Massive Windows Issues (Panda Antivirus)

by tnolen
/
Comment Closed

Note: These instructions are changing as we get more information. Please do not print these instructions for reference as they change often.  Also, there are many links on this page which cannot be clicked on a printed page.    Please read the entire page as some instructions have  superseded earlier posts.

March 11, 2015 – MANY of our customers are experiencing issues today on their workstations and servers.   Our working theory right now is that the problem is a combination of an update from Microsoft Update and a Panda Antivirus update which has caused Panda to think almost every file is a virus.  Files which are important to the functionality of Windows are being removed, causing issues.  Our phone system has also had some problems this morning due to the call volume we are receiving.  We are working to call everyone back and are working on a fix to the issue.  We will be posting updates here as soon as we have them.

If you do have access to a working computer, and need to contact us, emailing us at support@internetpro.net may be a better option than calling at this time.

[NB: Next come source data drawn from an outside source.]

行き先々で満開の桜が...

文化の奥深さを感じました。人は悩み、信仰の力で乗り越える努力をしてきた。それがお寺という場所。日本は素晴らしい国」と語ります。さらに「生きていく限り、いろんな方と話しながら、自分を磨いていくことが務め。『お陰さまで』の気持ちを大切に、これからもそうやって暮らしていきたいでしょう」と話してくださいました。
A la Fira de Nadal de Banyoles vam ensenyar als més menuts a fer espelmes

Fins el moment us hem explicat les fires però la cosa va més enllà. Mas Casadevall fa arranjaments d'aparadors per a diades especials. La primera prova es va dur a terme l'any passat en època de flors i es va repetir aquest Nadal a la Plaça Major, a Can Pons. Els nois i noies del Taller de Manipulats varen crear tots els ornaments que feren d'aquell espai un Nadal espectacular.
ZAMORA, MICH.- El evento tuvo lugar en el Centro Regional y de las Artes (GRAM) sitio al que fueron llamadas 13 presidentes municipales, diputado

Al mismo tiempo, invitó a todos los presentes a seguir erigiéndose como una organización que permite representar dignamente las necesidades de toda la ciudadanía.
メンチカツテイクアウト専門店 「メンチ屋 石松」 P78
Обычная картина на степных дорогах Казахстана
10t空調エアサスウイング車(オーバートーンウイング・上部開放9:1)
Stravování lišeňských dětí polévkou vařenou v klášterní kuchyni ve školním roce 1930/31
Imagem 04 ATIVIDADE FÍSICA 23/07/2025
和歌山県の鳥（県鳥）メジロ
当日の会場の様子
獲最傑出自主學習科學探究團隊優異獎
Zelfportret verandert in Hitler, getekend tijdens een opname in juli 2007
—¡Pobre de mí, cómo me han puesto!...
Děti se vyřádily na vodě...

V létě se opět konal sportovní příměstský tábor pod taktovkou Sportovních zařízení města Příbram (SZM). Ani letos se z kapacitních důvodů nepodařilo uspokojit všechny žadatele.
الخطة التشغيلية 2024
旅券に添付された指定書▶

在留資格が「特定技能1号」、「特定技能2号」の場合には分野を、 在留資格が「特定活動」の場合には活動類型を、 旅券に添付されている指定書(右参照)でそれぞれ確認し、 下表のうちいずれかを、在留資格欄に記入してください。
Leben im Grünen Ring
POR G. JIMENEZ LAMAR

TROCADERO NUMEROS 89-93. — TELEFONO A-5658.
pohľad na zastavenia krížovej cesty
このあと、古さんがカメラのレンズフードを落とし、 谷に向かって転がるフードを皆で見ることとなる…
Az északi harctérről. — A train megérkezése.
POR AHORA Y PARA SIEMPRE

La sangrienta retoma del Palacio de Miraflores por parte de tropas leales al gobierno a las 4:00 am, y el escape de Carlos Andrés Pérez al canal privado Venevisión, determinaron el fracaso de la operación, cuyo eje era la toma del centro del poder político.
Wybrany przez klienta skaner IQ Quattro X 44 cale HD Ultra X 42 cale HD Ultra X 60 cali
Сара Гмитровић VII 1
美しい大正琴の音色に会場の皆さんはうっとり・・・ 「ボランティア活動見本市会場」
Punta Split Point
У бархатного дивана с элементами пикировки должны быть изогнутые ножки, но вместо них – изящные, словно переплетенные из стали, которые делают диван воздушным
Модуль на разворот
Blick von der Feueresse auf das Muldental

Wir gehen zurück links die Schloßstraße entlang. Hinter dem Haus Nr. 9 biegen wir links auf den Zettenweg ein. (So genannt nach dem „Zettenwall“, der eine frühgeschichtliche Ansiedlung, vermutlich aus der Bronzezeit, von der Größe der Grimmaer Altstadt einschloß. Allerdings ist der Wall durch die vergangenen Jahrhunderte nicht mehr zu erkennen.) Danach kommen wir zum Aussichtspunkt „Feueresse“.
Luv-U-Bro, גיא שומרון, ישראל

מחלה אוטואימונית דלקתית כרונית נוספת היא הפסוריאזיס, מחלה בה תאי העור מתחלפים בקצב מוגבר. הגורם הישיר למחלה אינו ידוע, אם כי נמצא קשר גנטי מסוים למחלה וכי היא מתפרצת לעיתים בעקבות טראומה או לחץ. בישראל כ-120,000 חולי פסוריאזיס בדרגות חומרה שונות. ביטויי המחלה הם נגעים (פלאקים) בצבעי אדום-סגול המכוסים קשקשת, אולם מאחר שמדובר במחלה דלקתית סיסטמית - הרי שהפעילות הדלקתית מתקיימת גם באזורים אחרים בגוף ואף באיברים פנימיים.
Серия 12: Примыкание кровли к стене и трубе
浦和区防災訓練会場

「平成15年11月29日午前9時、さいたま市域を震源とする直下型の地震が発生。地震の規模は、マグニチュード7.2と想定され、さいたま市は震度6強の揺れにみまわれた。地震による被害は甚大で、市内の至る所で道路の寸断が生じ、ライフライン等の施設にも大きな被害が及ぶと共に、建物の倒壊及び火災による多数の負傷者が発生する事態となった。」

Update: – We have tracked the issue down to Panda Antivirus only.  It is not a Microsoft Update.  It is an issue being experienced by all customers of Panda Cloud.  We are working to globally disable Panda for all of our customers which use it.

Update 2: – We are being asked a lot of questions about what to do.  Unfortunately, we do not have much information.  Here is our advice so far:

  • If you have a computer which has been off since yesterday, DO NOT TURN IT ON.
  • Rebooting the computer will NOT fix the issue and most likely will cause more issues.
  • We do not know if shutting the computers is the correct move.  The computer may be further damaged by the boot up process when it is turned back on.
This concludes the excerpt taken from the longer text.